CHO19-219 cells were seeded 18 h before transfection at a density of 6.75 × 106 cells/15-cm-diameter plate. Two plates of cells for each fusion were transfected with 22.5 μg of LexA-TBP or LexA-Srb7 expression plasmid and 0.135 ml of LipofectAMINE per plate. Chromatin immunoprecipitation was performed by standard methods (6, 13, 42, 51), with the following modifications. Briefly, cells were removed from the incubator 24 h after transfection and fixed for 10 min by adding formaldehyde directly to the growth medium to a final concentration of 1%. Cell extracts were sonicated until the DNA fragment length ranged from 500 to 1,000 bp. One-third of the cell sonicate was diluted 10-fold in lysis buffer (13), and 2 μg of anti-LexA antiserum was added. After incubation with rotation at room temperature for 3 h, 50 μl of a 50% slurry of Ultralink Protein A/G beads (Pierce) was added, and the mixture was incubated for another 2 h at room temperature with rotation. Beads were harvested by a brief centrifugation and washed, and the immunoprecipitated material was eluted as described previously (34). The formaldehyde cross-links were reversed by heating at 65°C for 5 h, and DNA was detected by PCR using primers that amplify fragments that contain the LexA operator or sequences within the neomycin resistance gene. PCR was performed in the presence of [32P]dATP-dATP for 30 cycles of 1 min each at 94, 50, and 72°C, using Taq polymerase (Boehringer) and TaqStart anti-Taq antibody (Clontech) for hot-start PCR according to the manufacturer's protocol. PCR products were separated by 6% polyacrylamide gel electrophoresis and quantitated by PhosphorImager analysis. Assays of serial dilutions of immunoprecipitated and control DNA samples indicate that the intensity of the PCR products is directly related to the amount of DNA and hence that the assays represent quantitative measurements of promoter association in vivo.
RESULTS
Artificial recruitment on transiently transfected reporters.

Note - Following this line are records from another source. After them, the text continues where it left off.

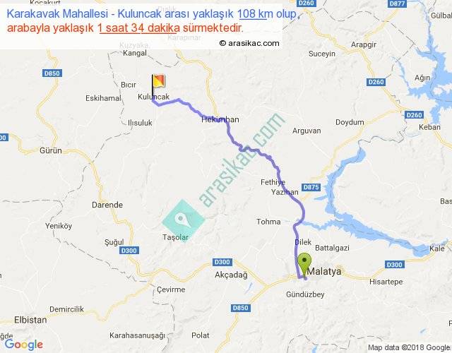 Karakavak Mahallesi - Kuluncak arası yaklaşık olarak 90 km/h ile yukarıda belirtilen sürede olup, iki yerin kuş uçuşu uzaklığı (mesafesi) 79'dir. Yolculuk otobüsle 2 saat 2 dakika sürmektedir.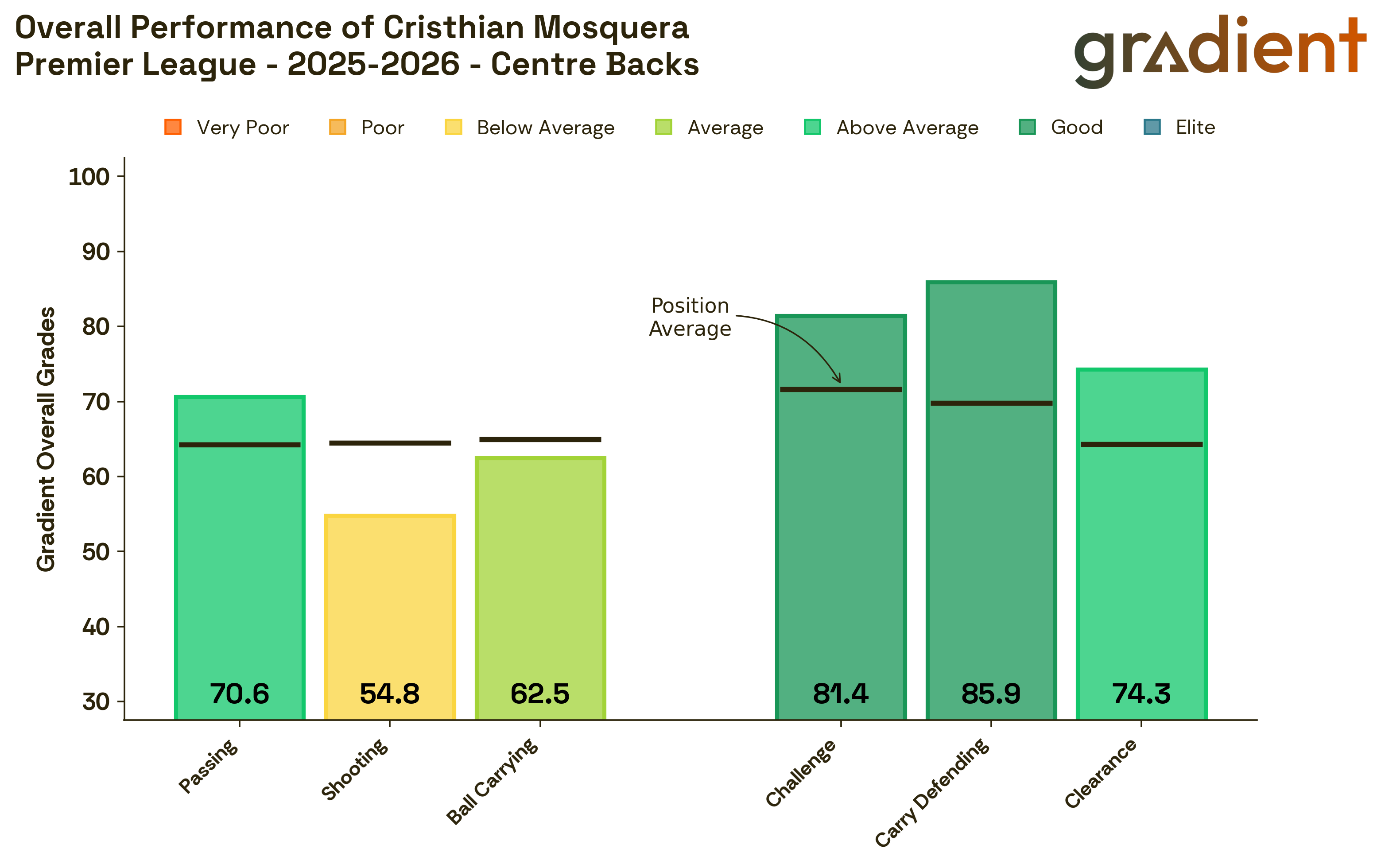He grades above average for centre backs in every key area, including an 81.4 Challenge Grade [11th of 65] and a 70.6 Passing Grade [16th of 65].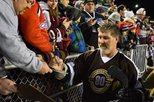 In a remarkably different feel, the Hershey Bears Alumni (including Ray Bourque) creamed the Philadelphia Flyers Alumni 9-5 the night before. Graham Mink electrified the crowd with two goals, and a fight broke out in the latter stages between Dennis Bonvie and Riley Cote.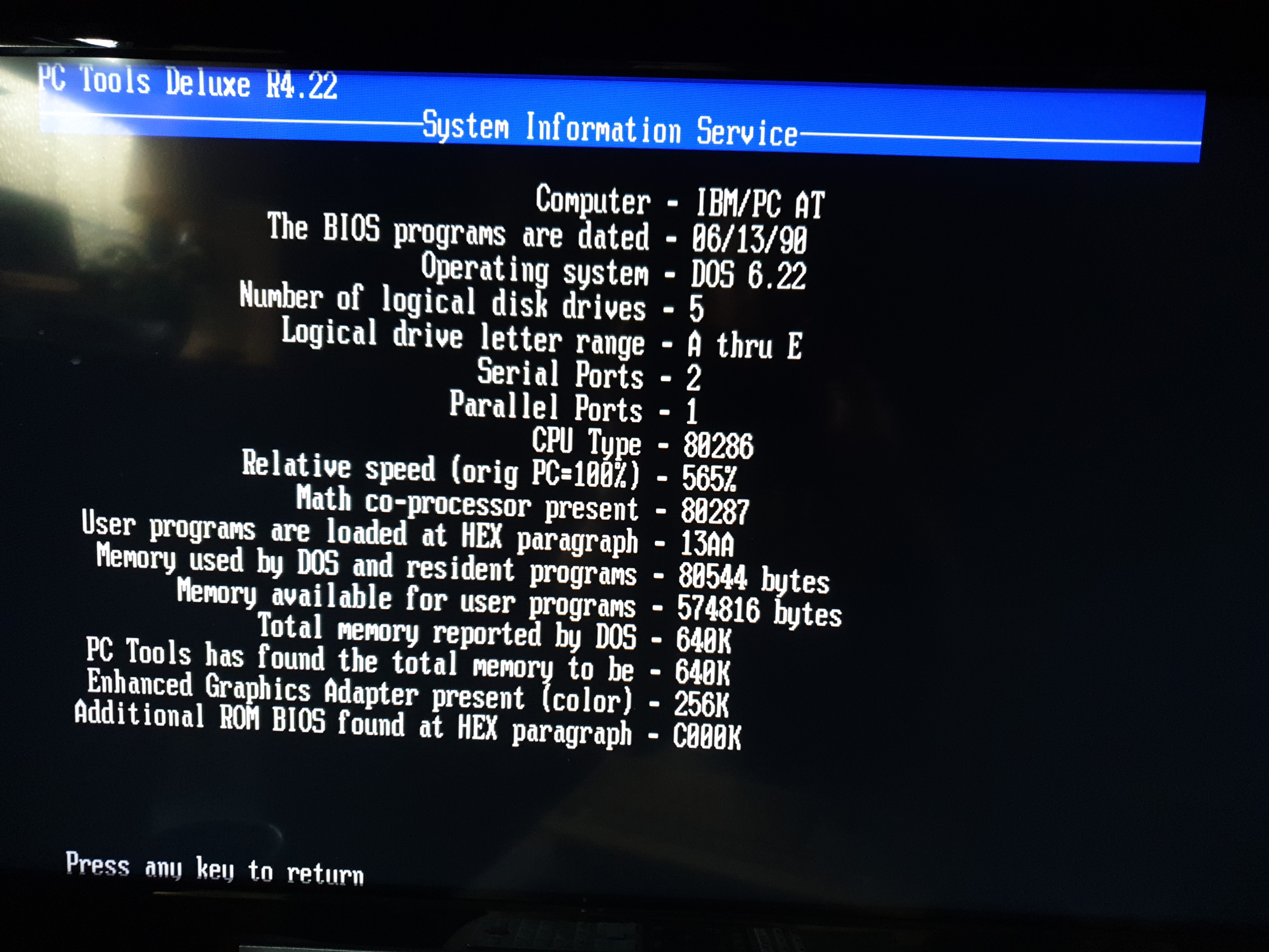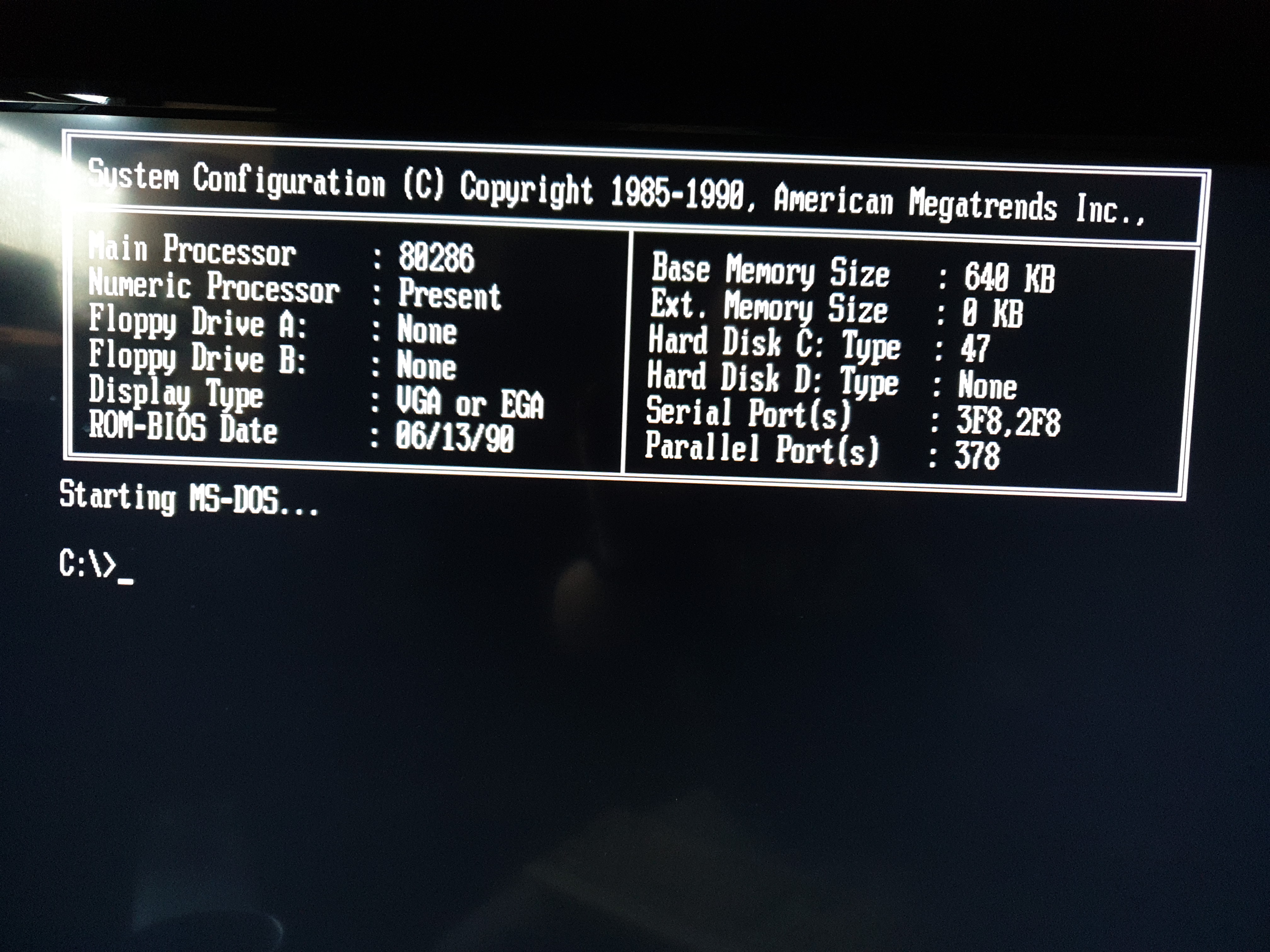 Incidentally, this BIOS is of course far too old to have an auto-detect feature for IDE hard disks. Because of this, I always write on my CF card's white label area how many cyls, heads and sectors per track it has so that information is conveniently available when I need it.

We fused various components of the human Pol II machinery to the Gal4 DNA-binding domain (residues 1 to 147) or intact LexA (Fig. 1A). These components include TBP, TFIIB, Srb7, Med6, Med7, Trap80, Trap100, and several TAFs (TAF18, -20, and -28, which are homologous to yeast TAF19, -61, and -40, respectively). In addition, we examined the wild-type and kinase-inactive (D173A) version of human CDK8, the homolog of yeast Srb10. Although artificial recruitment of Srb10 represses transcription due to premature phosphorylation of the C-terminal tail of Pol II, the kinase-deficient mutant activates transcription in yeast by analogy with other components of the Pol II holoenzyme (24).
FIG. 1.
Gene fusions and reporter genes used in this study. (A) Fusions of the Pol II machinery components to the heterologous DNA-binding domains of LexA or Gal4 (hatched box). (B) Activation domain fusions. (C) Reporter plasmids. The distance between the distal end of the Gal4 or LexA DNA-binding sequence and the TATA sequence is shown.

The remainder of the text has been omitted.